Japan’s North Korea Challenge
The increasing pace of Pyongyang's provocations raises critical questions for Tokyo’s defense plans.
On March 6, North Korea conducted yet another missile launch. Just a couple of weeks after their last missile launch – which occurred during Japanese Prime Minister Shinzo Abe’s visit to the United States – Pyongyang launched four ballistic missiles, three of which landed in Japan’s exclusive economic zone (EEZ). The launch took on a new sense of urgency when Korea Central News Agency (KCNA) reported that the missiles were “test launches” to demonstrate the ability to attack U.S. forces in Japan.

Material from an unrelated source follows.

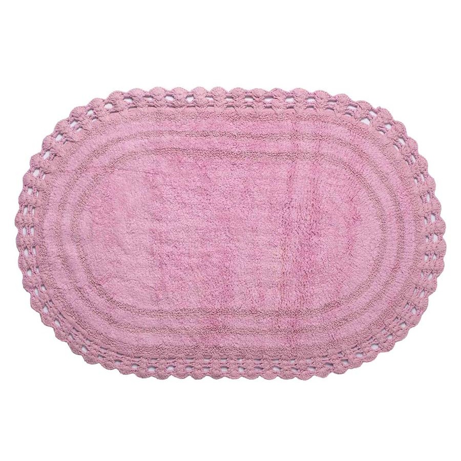 Πατάκι μπάνιου σε οβάλ σχήμα με τελείωμα δαντέλα.

Predictably, the reaction has been strong. In Japan, Abe held a press gaggle shortly after the launch, stating that the missile launch demonstrates that North Korea has reached a new level of threat. Recently, U.S. Pacific Command (PACOM) announced that it began the deployment of Terminal High Altitude Area Defense (THAAD) system in South Korea despite strong opposition expressed by China. When U.S. Secretary of State Rex Tillerson traveled to East Asia in March, North Korea was front and center in his conversations with his counterparts in Tokyo, Seoul, and Beijing.

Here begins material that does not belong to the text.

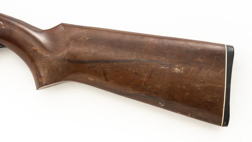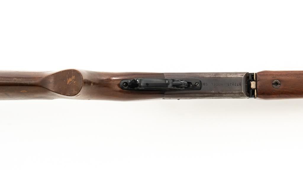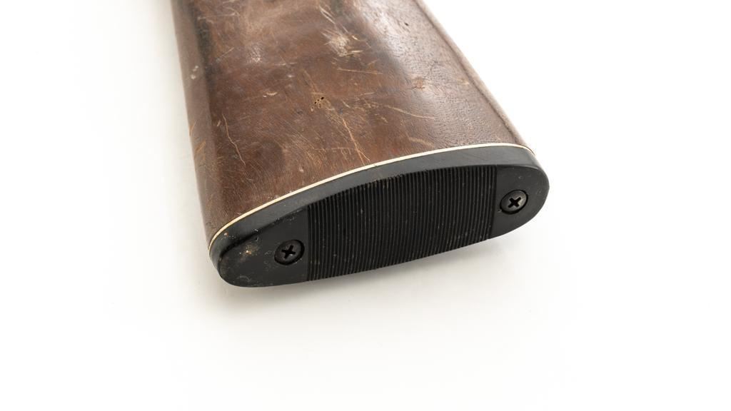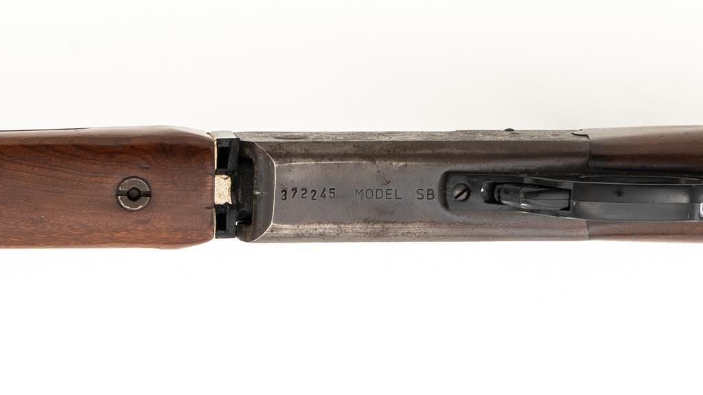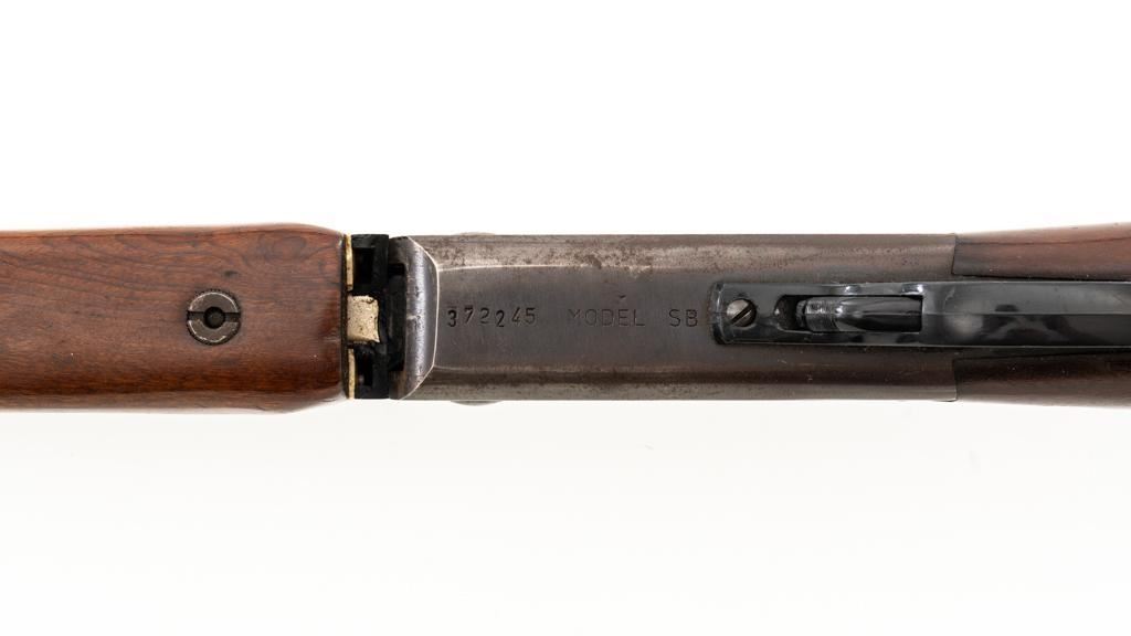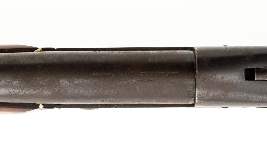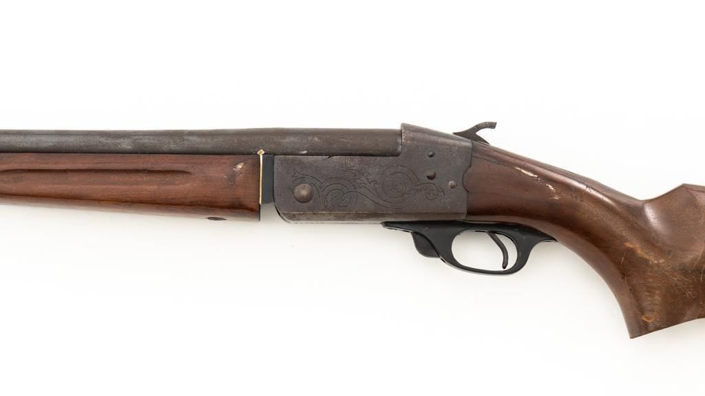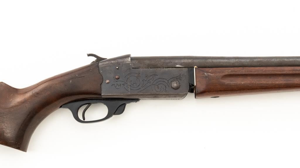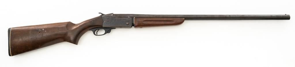 Brazilian FIE Model SB Single Shot Shotgun, #372245, 12 ga., 28'' barrel with a 2 3/4'' chamber, Full choke, and brass bead front sight; blue finish. Smooth hardwood pistol grip stock with finger groove forend, ending with a ribbed plastic buttplate, providing a 14'' LOP. Import marked on top of the barrel at the breech. Shotgun is in good overall condition, retaining approx. 65%-75% thinning blue finish, with wear at the muzzle and light surface rust and erosion along the barrel due to poor storage. Receiver is lightly machine engraved, displaying considerable thinning finish with edge wear and some areas of light surface. Stock with scattered dents, scratches, and white paint transfer in areas. Plastic buffer between the forend and receiver is broken, missing a large piece at the bottom. Action functions well and locks up securely. Bore is good and may clean to very good. Est.: $100-$200. (Modern/PPT)

The urgency of these missiles tests presents Abe with a reality that is difficult to address. With North Korea growing increasingly provocative and unpredictable – in addition to the two missile tests with less than a month in between, speculation swirls about yet another nuclear test by Pyongyang in the near future – the Japanese government faces the inevitable challenge of having to respond to the North Korean threat on the one hand, and ever increasing pressure from China in the East China Sea on the other.

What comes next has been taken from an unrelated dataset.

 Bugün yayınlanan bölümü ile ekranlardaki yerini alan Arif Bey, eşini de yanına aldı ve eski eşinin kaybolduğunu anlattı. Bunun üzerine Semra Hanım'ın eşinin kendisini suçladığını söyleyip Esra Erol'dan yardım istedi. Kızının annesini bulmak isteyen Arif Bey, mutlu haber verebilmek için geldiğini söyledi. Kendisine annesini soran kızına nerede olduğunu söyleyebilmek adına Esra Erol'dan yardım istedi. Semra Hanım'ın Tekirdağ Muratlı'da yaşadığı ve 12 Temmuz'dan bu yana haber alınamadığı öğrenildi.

Obviously, Japan has been investing in measures to counter North Korea’s missile threat for the last two decades. After all, it was the first North Korean nuclear crisis in the 1990s that led Tokyo to revise the U.S.-Japan Guidelines for Defense Cooperation, to better prepare the two allies in their coordinated response the potential crisis on the Korean Peninsula. Since the mid-1990s, Japan has worked closely with the United States on acquiring ballistic missile defense (BMD) capabilities, including engaging in joint research, development, and production of the Standard Missile (SM) III Block 2A missile to improve the capability of intercepting incoming missiles. Tokyo has also sought to augment its intelligence-gathering capability by moving ahead with its own reconnaissance satellites.
However, the recent uptick in North Korea’s provocations forces another pressing question on Japan. As Japan sets out to revise its National Defense Program Guidelines (NDPO) and the Mid-Term Defense Plan (MTDP), both of which serve to shape Japan’s defense posture (and required acquisition) for a four to five year span, Tokyo will likely have to revisit the question of acquiring an independent capability to strike North Korean missile sites should such a need ever arise. Often referred to as “the origin-of-threat attack (sakugen-chi kougeki), the concept is highly controversial and divisive in Japan, as it suggests, even in a very limited capacity, Tokyo will pursue explicitly an offensive military capability, which goes against its “defense-oriented” posture. It also requires Tokyo to engage Washington in close consultation, as Japan acquiring such a capability needs to make sense within the the overall U.S.-Japan alliance.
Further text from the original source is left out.